MS: You’ve recently been named a Microsoft Regional Director for your work in cyber security. Congratulations.

KC: It’s a great honour to be a kind of a trusted advisor to Microsoft to provide a customer voice that’s independent and frank with a strategic focus.

I think the new leadership (Satya Nadella, CEO) has revitalised Microsoft. And really interesting, impressive products are coming out. I’ll be very interested to see what happens now with GitHub and Microsoft DevOps.

I think Microsoft Teams is the best product Microsoft has put out in the last 20 years.  It has interesting possibilities for teaching. I can see the real opportunity for the Azure data platform connected to Teams and Office and the Knowledge Graph.

MS: With your cyber hat on – what would your best advice be?

KC: I tell people the same things every time. Use a password manager. Implement multi-factor authentication. Encrypt everything that you can. Increasingly, organisations are going to have an obligation to do privacy by design. How can they bake that into their software development processes and into their application processes?

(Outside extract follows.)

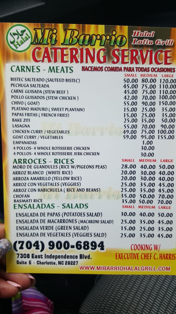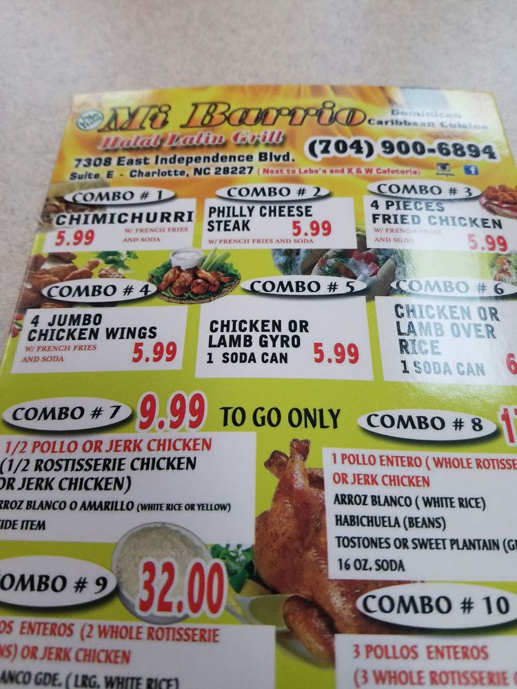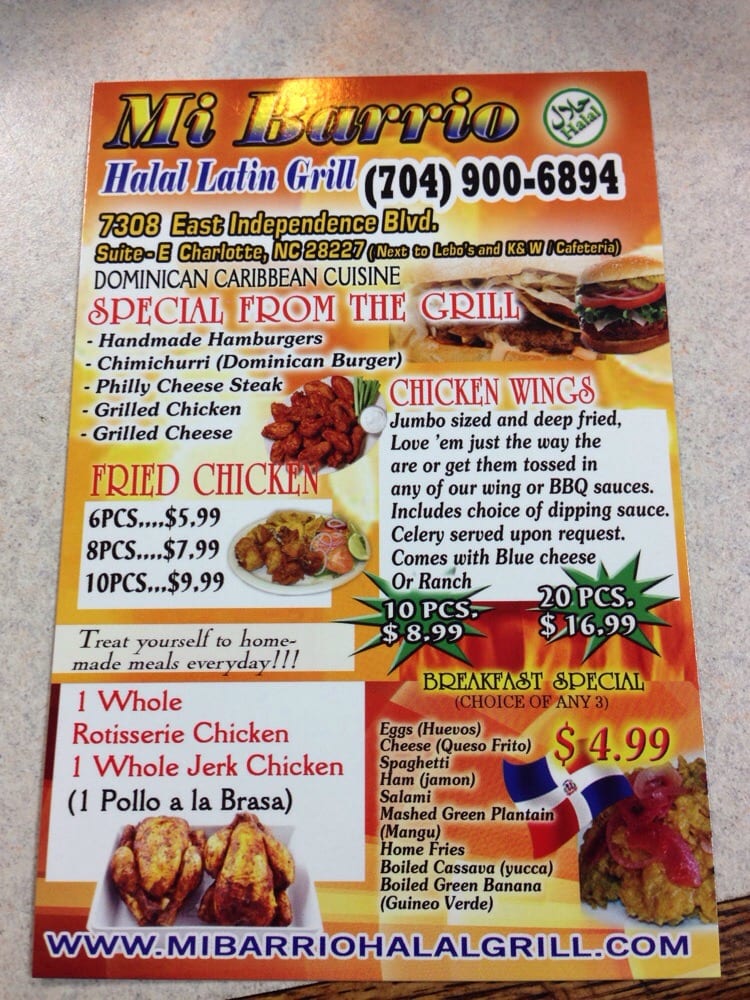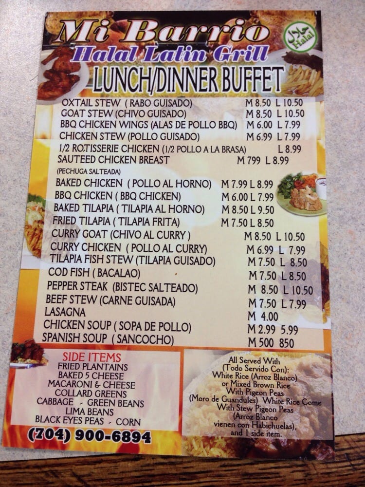 Introducing the menu at Mi Barrio Halal Latin Grill, located in Charlotte, NC, a hidden gem offering Dominican and halal cuisine. Known for their flavorful dishes and generous portions, this casual restaurant caters to vegans and vegetarians with a variety of options. Customers rave about the chicken over rice, oxtail stew, empanadas, and tilapia with two rice dishes. The friendly staff, reasonable prices, and wide range of food choices make this spot a must-visit. Whether you're a fan of Caribbean flavors or looking to try something new, Mi Barrio Halal Latin Grill is sure to satisfy your cravings. Don't miss out on this authentic dining experience that brings together the best of Latin and halal cuisine.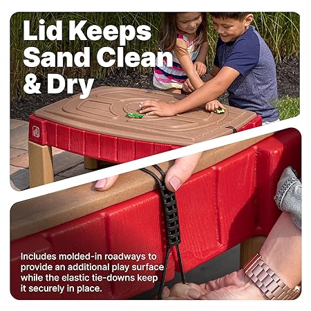 - Lid with elastic tie-downs protects sand from animals and pets.

I think there’s going to be a whole lot more people needing to get their head around cloud from a security perspective and increasingly, organisations will need to step up their cyber security game.

I’m responsible for making sure all of the data in the University is managed and secured appropriately. That’s every kind of data you can imagine from enterprise-type systems to downloaded satellite feeds to climate data. Understanding our data landscape and making sure it’s all secured effectively is what keeps me up at night. We’ve made progress on it, but there’ll always be something that surprises you.